Depreciating an item over several years means your tax deduction for buying the item is spread over several years. The first year you are paying taxes on the money you already spent. A company I know got themselves in trouble by buying $600,000 in equipment and having to depreciate it which meant they owed a bunch of taxes and had problems paying the taxes. They leased equipment for a while after that.
I suppose depreciation could make sense if the business will not owe taxes the first year due to losses.
accsys wrote: Your CPA is correct! However, he may not have explained to you that any loss not allowed due to the business income limitation will be carryed over to future years to offset income in those years. If you read the instructions for Form 4562 you will see how this all interacts and restricts your loss to business income.
You must also realize that if you do not hold the property for the normal length of depreciation, you will be required to count the difference in the 179 deduction and what would have been normally depreciated as income.

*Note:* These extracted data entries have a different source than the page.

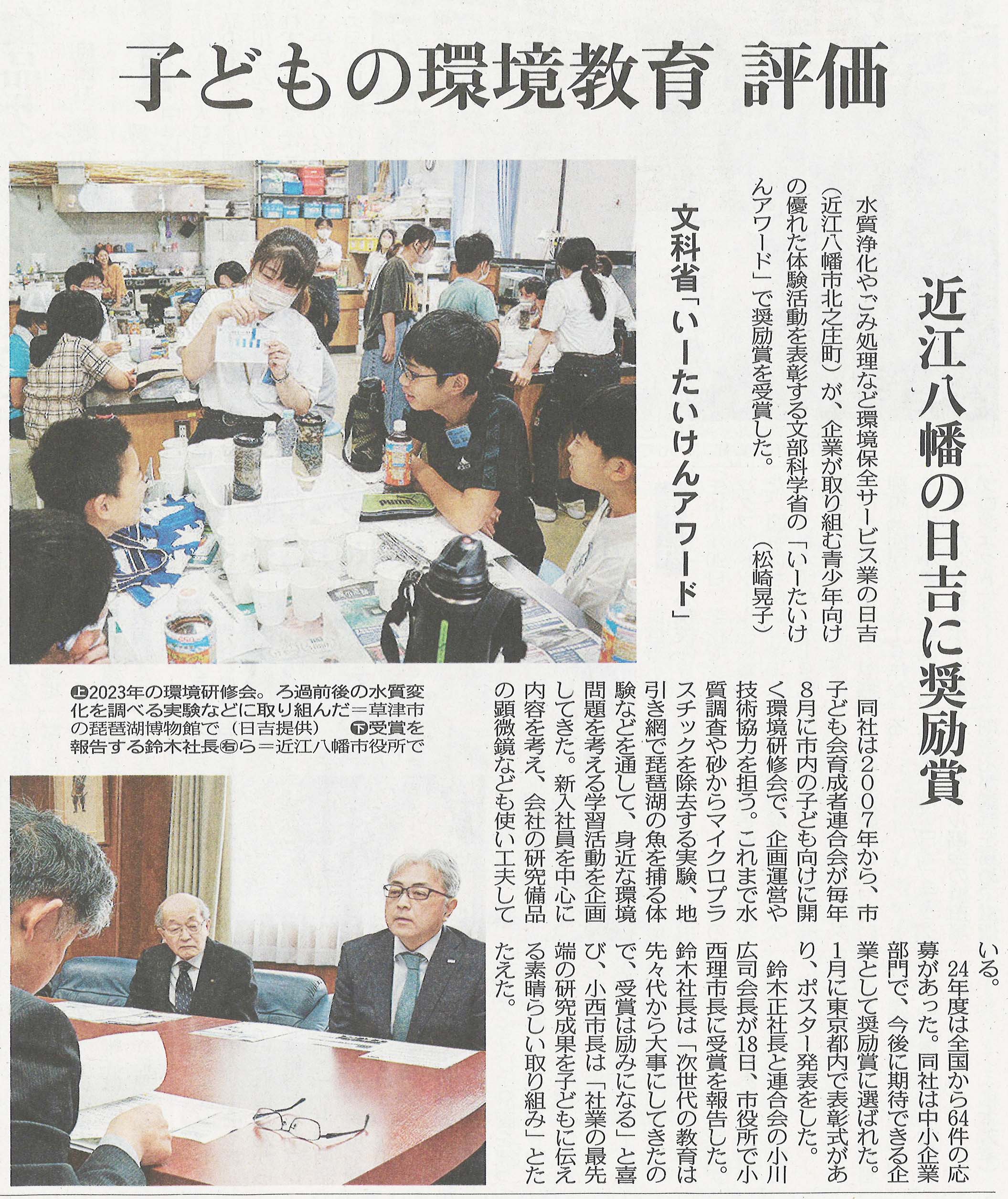 [中日新聞]文科省「いーたいけんアワード」奨励賞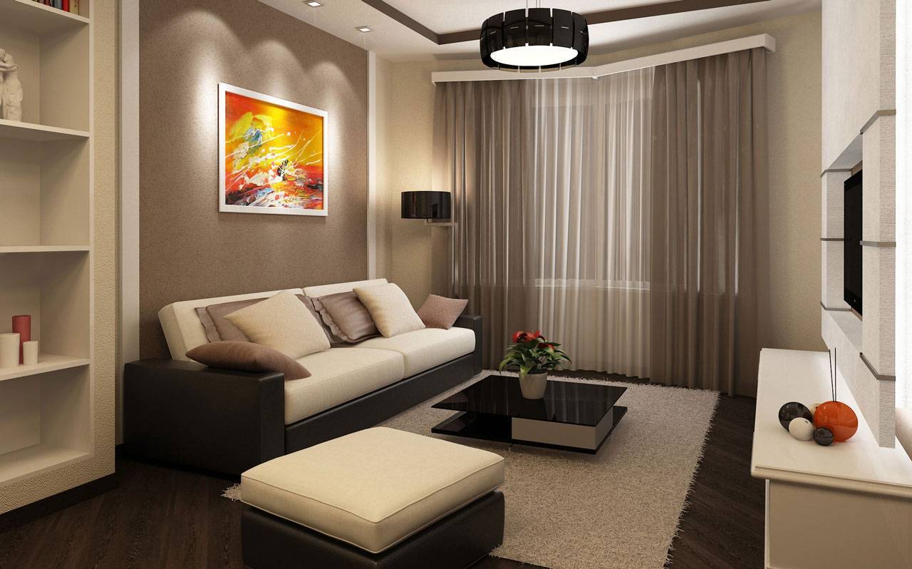 В небольшом зале, не желательно располагать слишком много мебельных предметов, чтобы не перегрузить помещение. Наделить обстановку гостевой комнаты особым стилем и комфортом, поможет мягкий ковер, разноформатная и разнотекстурная отделка стен, а также различные варианты освещения.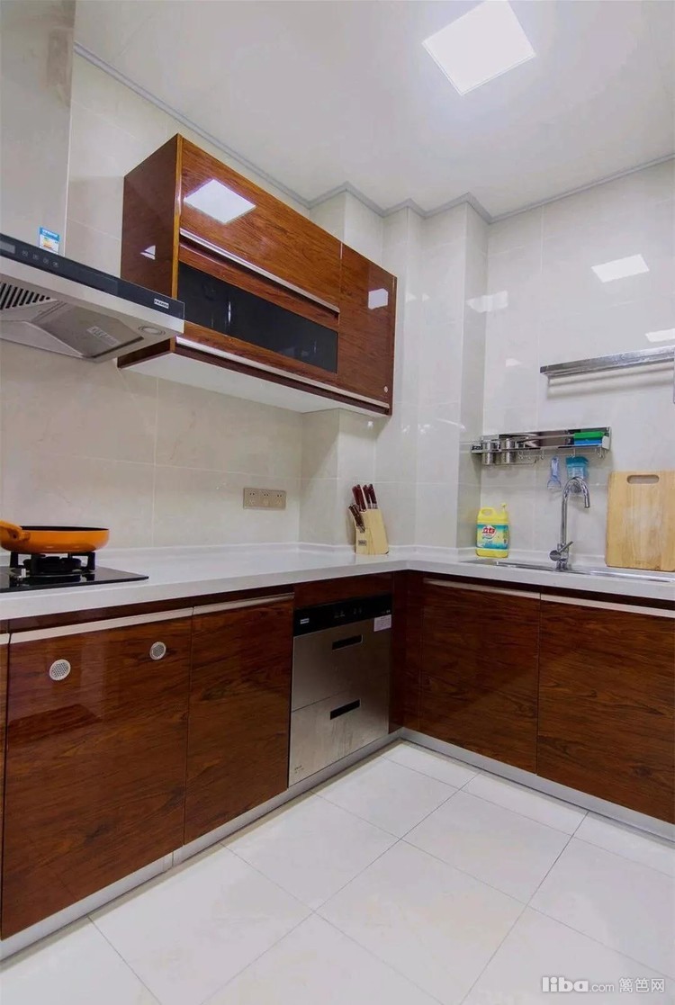 厨房处做了深木色的橱柜,与浅色的墙地面形成一种对比感,让人感觉干净整洁,墙面减少了部分吊柜,更显宽敞。

I see that the loss can be carried over, so either way I don't have to depreciate the equipment. But if I can write it off against W2 salary then I want to do that. What the CPA says seems to conflict with the IRS publication on that.
The W-2 income that Pubication 946 is referring to is business income of the taxpayer. If you had a Partnership or S-Corp that paid you a salary and reported that salary on a W-2, you could use that as a trade or business income. A W-2 from a business in which you have no ownership interest cannot be counted as income from a trade or business. Trust your CPA or get another one you can trust - to constantly question their expertise is not a good idea. When a lay person reads the IRS pubs or forms they frequently misread them as they do not understand the tax language.
That's why I'm asking here. And I'll question anybody if I think they may not be right, I don't care if they are a CPA. I have an MPA and spent many years in law enforcement so I do know how to read laws. You may be correct in what you are saying, but Pub 946 does not clearly say this.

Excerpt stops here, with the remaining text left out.